Due to the limitations of our indexes and the number of total parameters we used, our recommendation system is neither optimal nor very accurate. 

However, our main goal is to measure the performances of the two different multidimensional indexes.

In [220]:
print("Using KD-Tree leaf-size 2, our NN query averaged:")
print((k12 + k22 + k32)/3,"seconds of runtime.")

Using KD-Tree leaf-size 2, our NN query averaged:
0.0013401508331298828 seconds of runtime.


In [221]:
print("Using KD-Tree leaf-size 4, our NN query averaged:")
print((k14 + k24 + k34)/3,"seconds of runtime.")

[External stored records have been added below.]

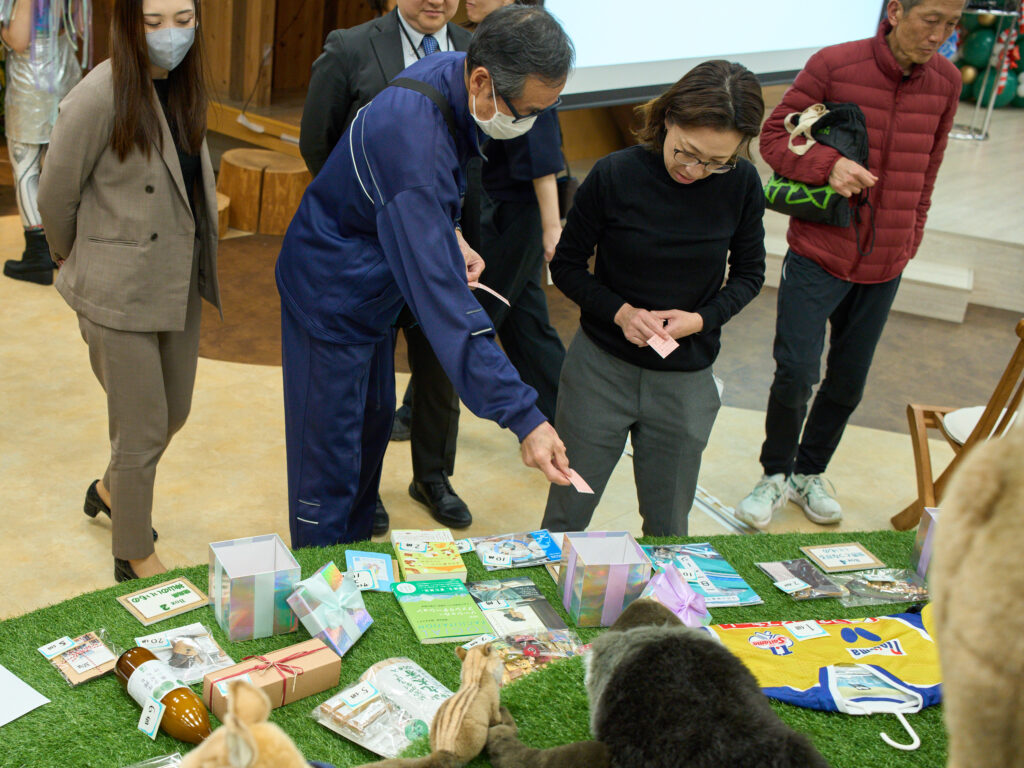 チャリティーラッフルの様子です。当日、1枚500円で追加購入も可能な福引。3万円のご寄付が集まりました。商品をご提供いただいた協賛社の皆さま、ありがとうございました。
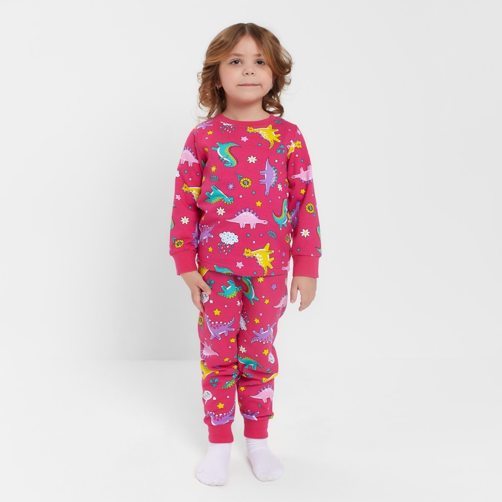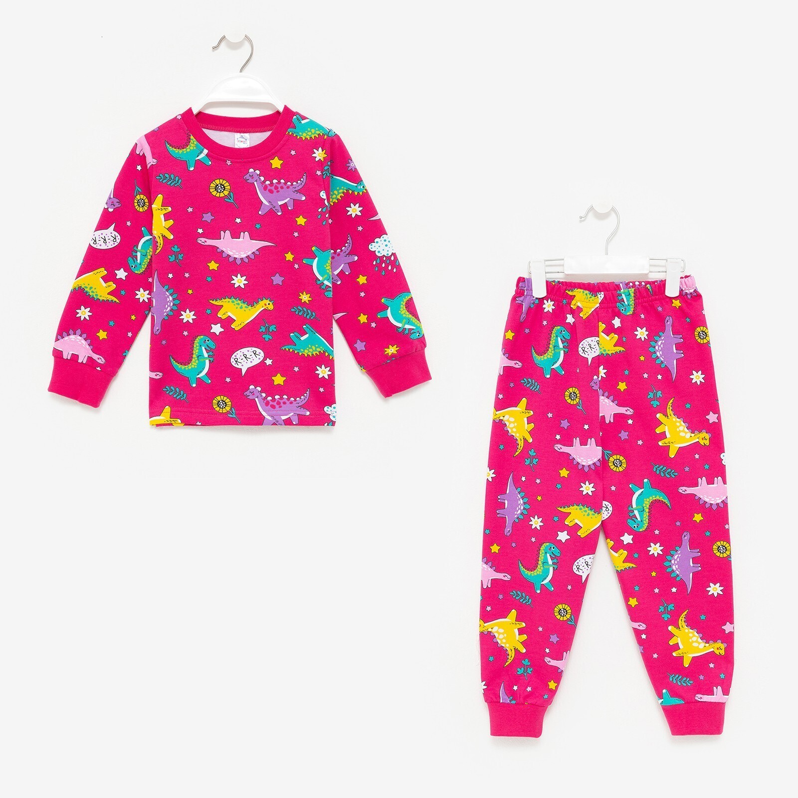 Пижама для девочки НАЧЁС, цвет фуксия/динозавры, рост 98 см
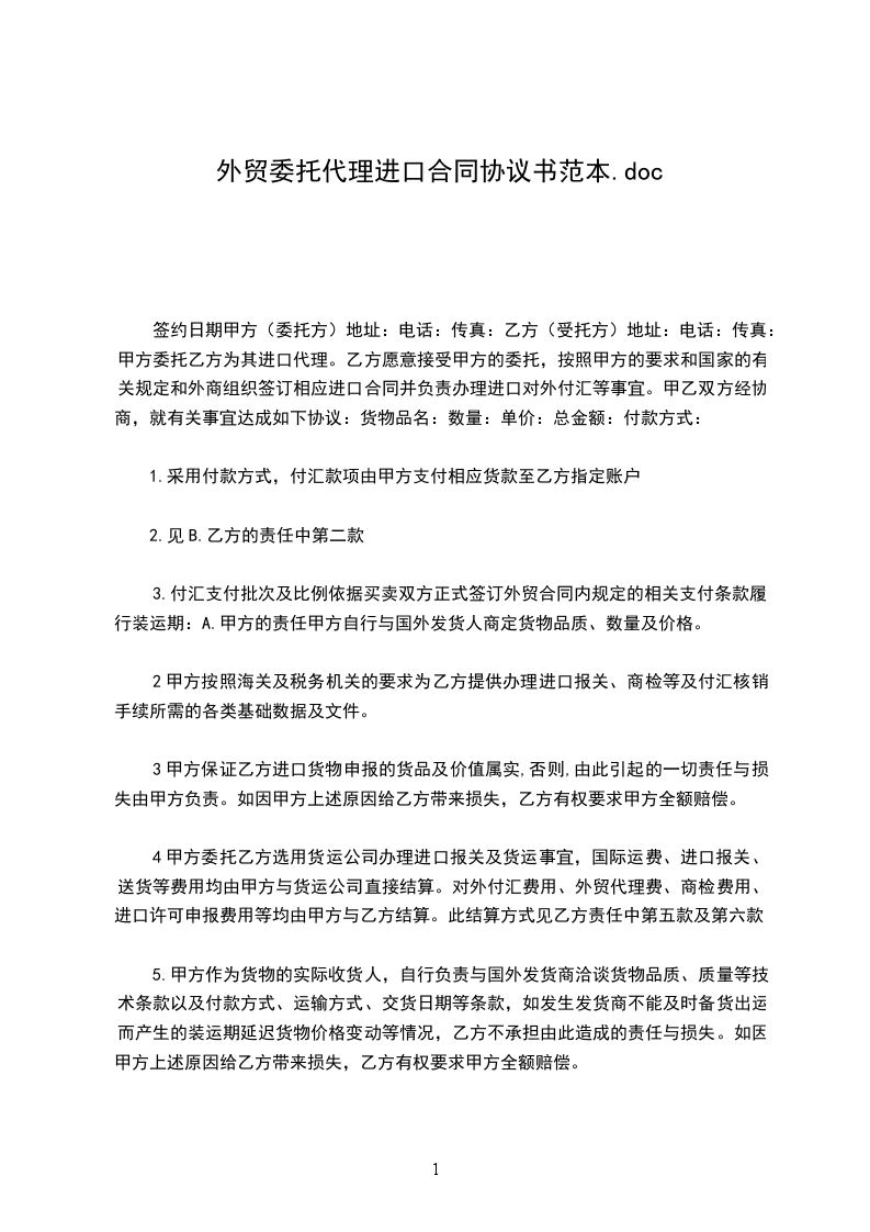 1. 甲方委托乙方代理以下外贸业务:(详细列出委托的具体业务范围,如货物进出口、报关报检、运输安排等)
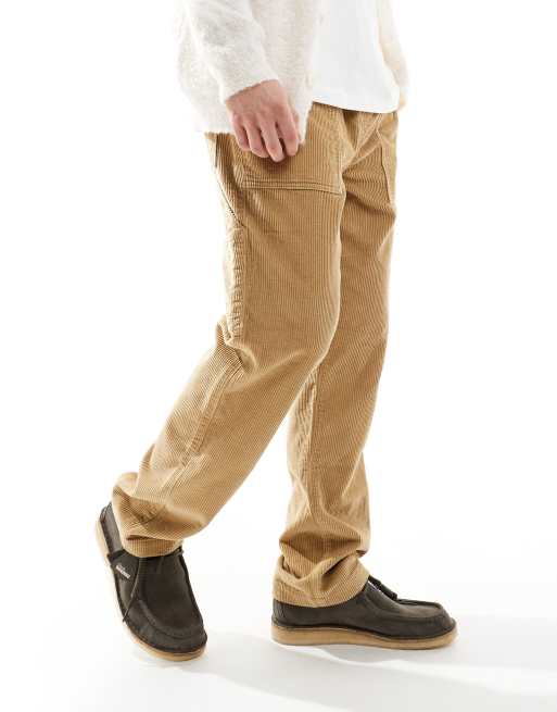 ASOS DESIGN straight pull on cord carpenter pants in beige
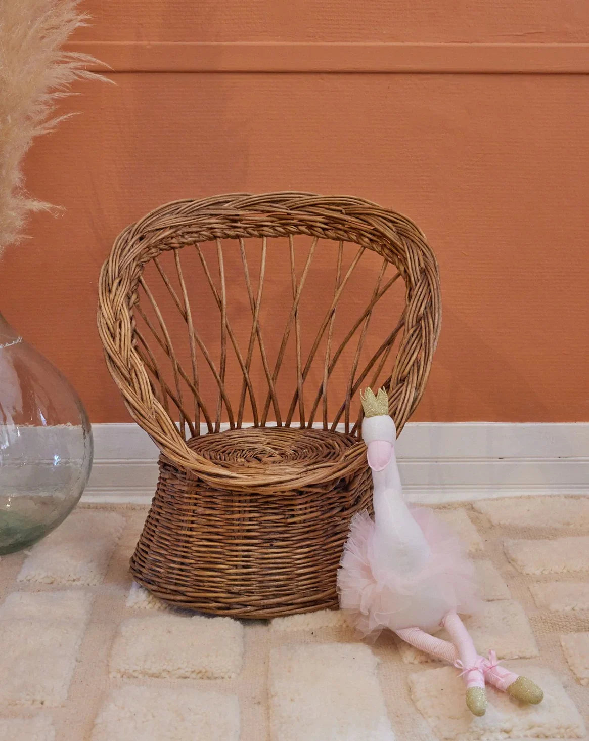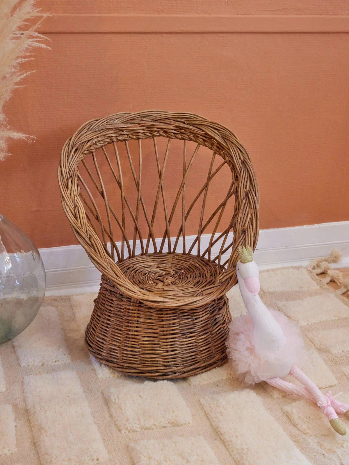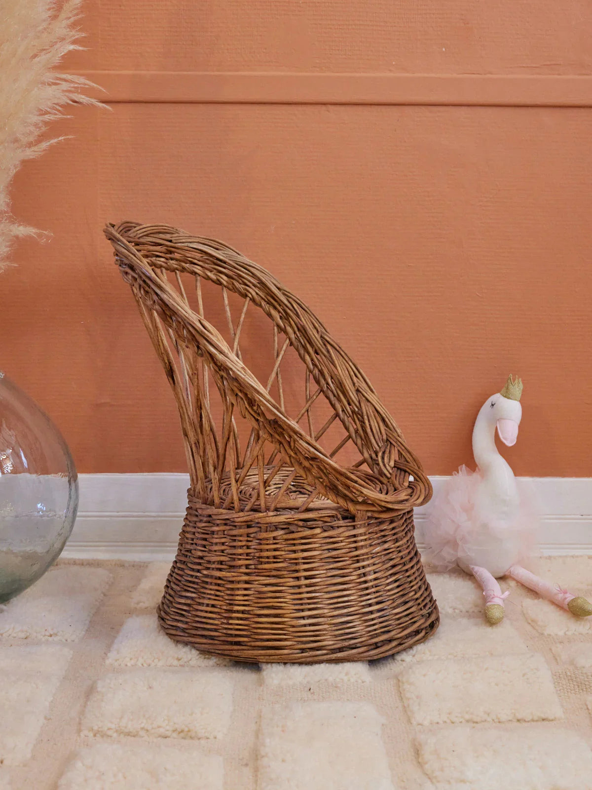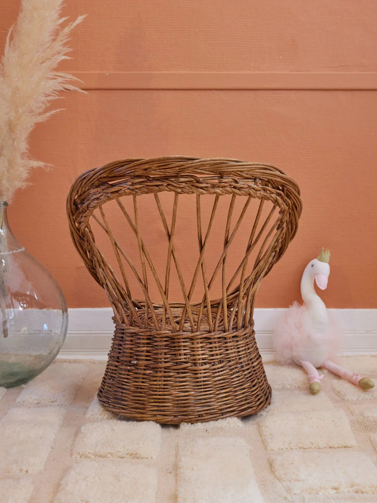 Adopt this Diabolo rattan armchair for children, with its artisanal weaving and enveloping lines that invite reading and imaginative play. Its light structure and adapted proportions make it easy to move and it fits naturally into a bedroom, a reading corner or a sheltered terrace. The natural rattan brings a vegetal warmth and an airy silhouette, creating both a bohemian and refined atmosphere. 2 armchairs available.
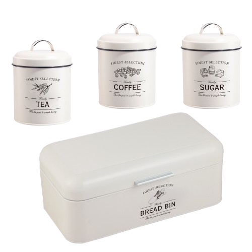 4-delige vintage broodtrommel en -busset biedt een elegante oplossing voor het bewaren van de versheid met zijn luchtdichte bussen en optimale luchtcirculatieontwerp, waardoor gebakken goederen langer vers blijven en de organisatie van uw keuken wordt verbeterd. De duurzame gepoedercoate stalen constructie en het compacte ontwerp combineren vintage charme en moderne bruikbaarheid, besparen ruimte op het aanrecht, waardoor het zowel een stijlvol middelpunt als een functionele opslagoplossing is.
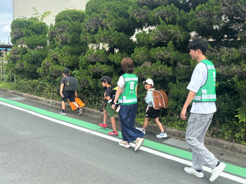 都田小学校は、市内中心部から離れた小学校ということもあり児童数が少なく、学区が広いため1人で遠くまで登下校する児童がいます。この日は、ボランティアサークル『Thunder Birds』の学生が小学1年生の下校時刻に合わせて出向き、各方面に分かれて児童と会話を楽しみながら家まで送り届けました。
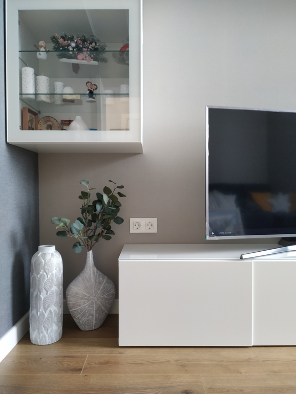 В глаза сразу бросились розетки над телевизором и провода возле него... Сам интерьер в визуализации красивый и стильный. А в реализации скучный и какой то обычный что ли(
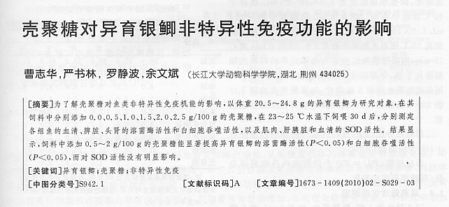 殼聚糖對(duì)異育銀鯽非特異性免疫功能的影響
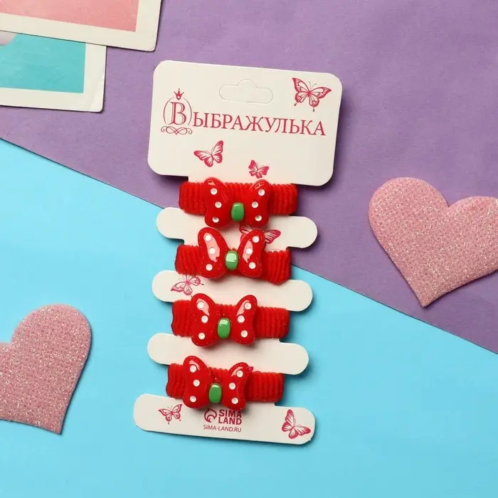 Резинка для волос "Лоррет" (набор 4 шт) бантик горох, красный
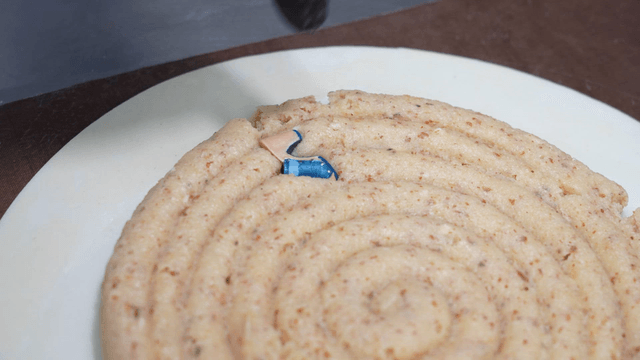 Hands feeding dough into dumpling wrapper machine in the kitchen
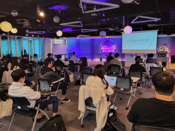이번 6월부터 진행된 2021 청년창업 SMART2030 사업은 경기도내 창업을 꿈꾸는 예비창업가를 모집해 온-오프라인 창업 교육, 1:1 멘토링, 네트워킹 등을 지원했다. 성과공유회는 참여기업 간 사업 성과를 공유하는 자리로 마련되었다.
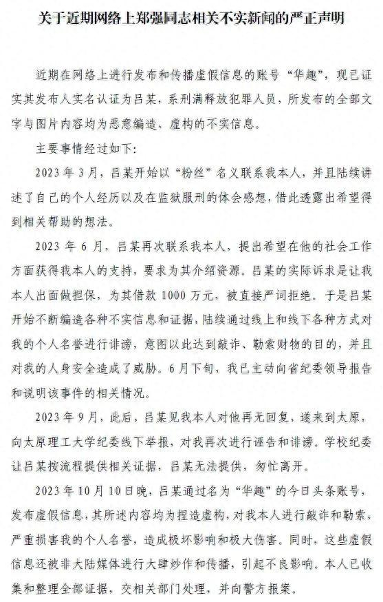 10月12日中午,“郑强教授”微信公号发布声明称,近期在网络上进行发布和传播虚假信息的账号“华趣”,现已证实其发布人实名认证为吕某,系刑满释放犯罪人员,所发布的全部文字与图片内容均为恶意编造、虚构的不实信息。

Using KD-Tree leaf-size 4, our NN query averaged:
0.0008162657419840494 seconds of runtime.


In [230]:
print("Using LSH with 2-bit hashes, our NN query averaged:")
print((l12 + l22 + l32)/3,"seconds of runtime.")

Using LSH with 2-bit hashes, our NN query averaged:
0.13826394081115723 seconds of runtime.


In [231]:
print("Using LSH with 4-bit hashes, our NN query averaged:")
print((l14 + l24 + l34)/3,"seconds of runtime.")

Using LSH with 4-bit hashes, our NN query averaged:
0.11836202939351399 seconds of runtime.


From our KD-Tree, we can see that using a larger leaf-size can help speed up our performance.

From our LSH, we can see that using a larger hash size can help speed up our performance.

Comparing KD-Tree to LSH, our KD-tree performed significantly faster.